Our next question comes from [ Philippe Gardner ] with Jefferies.

It's Peter Welford. Couple of questions. Firstly, I wonder if you could disclose the actual revenues that you got from Brazil during 2Q either the 6-K being filed. Secondly then just with the greater cash balance, do you have any thoughts on the longer-term convert that is by 2021, or are you happy to leave that outstanding? And then just thirdly with regards to the R&D now for 102, I guess are there any thoughts on how the Phase III trials could evolve based on the recent FDA guidance [ did what, probably ] look at it. Is the -- I guess clearly the main balance trial is probably obviously still ongoing and it's going to take some time to read out. I guess is there any thoughts as to whether the guidance could potentially expedite that? Or is it more just a case of giving you greater confidence that you're not going to need any additional studies or requirements to get approval?

Thanks, Peter. All great questions, I'll start with the easy one. So we recorded $2.6 million in total from Brazil for the 6 months. In terms of the cash balance that we have and with respect to the convert, I think that we have said it before and I think that now it even speaks in more volume, I think we are confident to the extent needed the milestones that should come in from the now global relationship with Chiesi should be more than enough to cover the notes. So this is something that I don't think we have any short-term thinking on doing something, but to the extent we will need to repay those, then I think that we are in a better position now even than we were before given the significant milestones we're facing. In terms of the recent guidelines of the FDA, I think that's we -- it's very early to say what the -- how they really affect us, but I think it could be both in terms of how confident we are in the plan we have right now and potentially -- but again, we have to be very careful, potentially expedite the process of approval in general, but as we said, this is very early.

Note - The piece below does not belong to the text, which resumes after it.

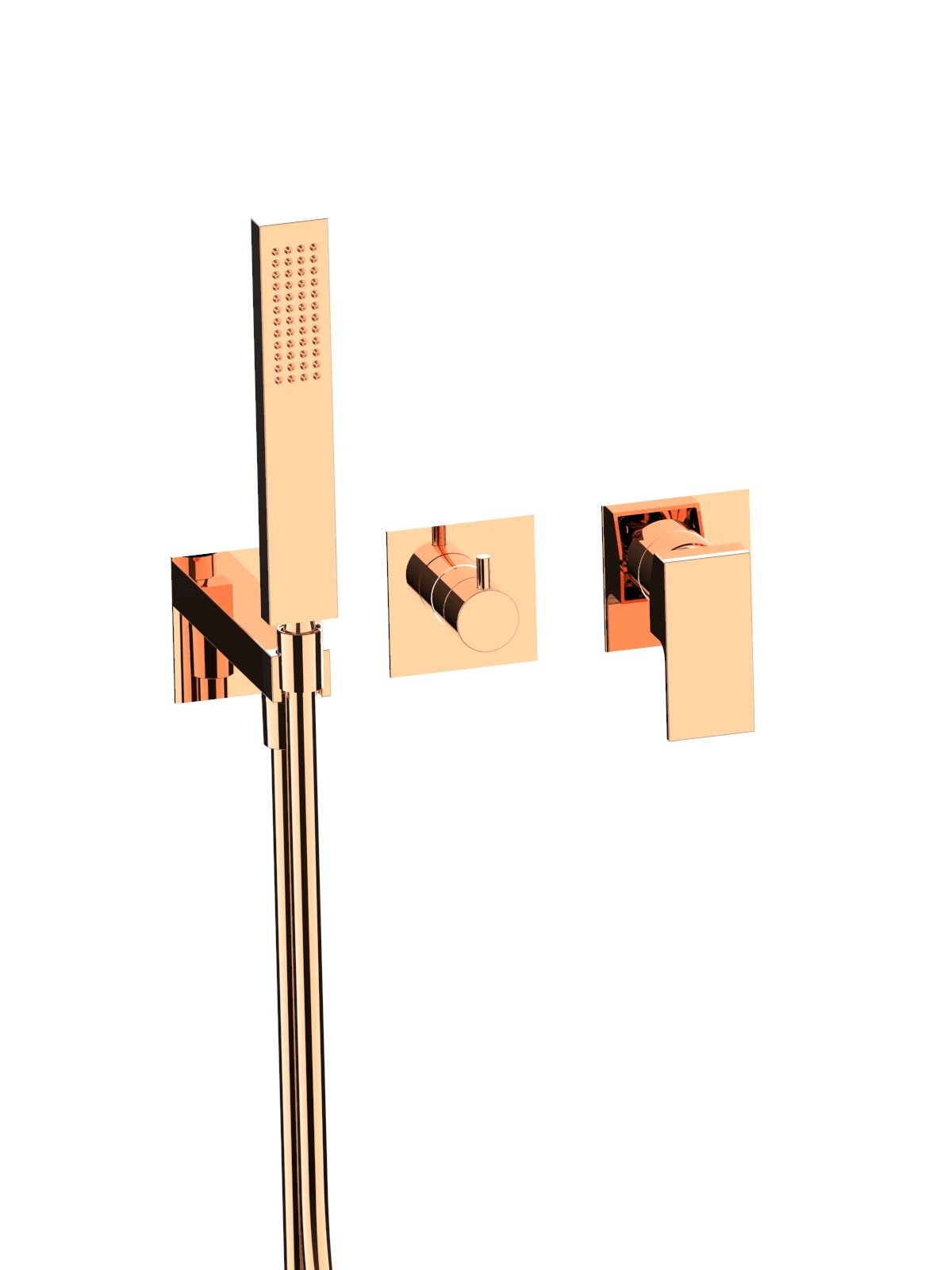 External visible components 3-way built-in mixer with ceramic discs diverter with handshower, brass plates - Vita Due - Contemporary

Yes, Peter, let me -- this is Moshe, let me add to that. I think what we read from the FDA guidelines is they acknowledge the challenges in terms of the studies and the -- and although you see the benefits over time such diseases. We believe that once we study the -- definitely the -- more the guidelines since we have quite a robust plan in terms -- we are running 3 studies, 130 patients, we think that it's -- we read carefully that and we can -- I think potentially we can translate it into benefit for us in such a way that potentially can expedite time to market basically because we have quite a robust plan -- development plan and definitely we can establish the safety based on the number of patients. So we see positive signs there that might affect the time to market in a positive way.

I'm not showing any further questions at this time. I would now like to turn the call back over to Moshe Manor for any closing remarks.

Thank you. Thank you guys for joining us on the call this morning. We look forward to a very exciting new future for the company on multiple fronts as we believe we could be unlocking a lot of value mainly with the clinical data and regulatory updates for our PRX-102 program. So thank you again for your continued support and have a great day.

Ladies and gentlemen, thank you for participating in today's conference. This does conclude today's program and you may all disconnect. Everyone, have a great day.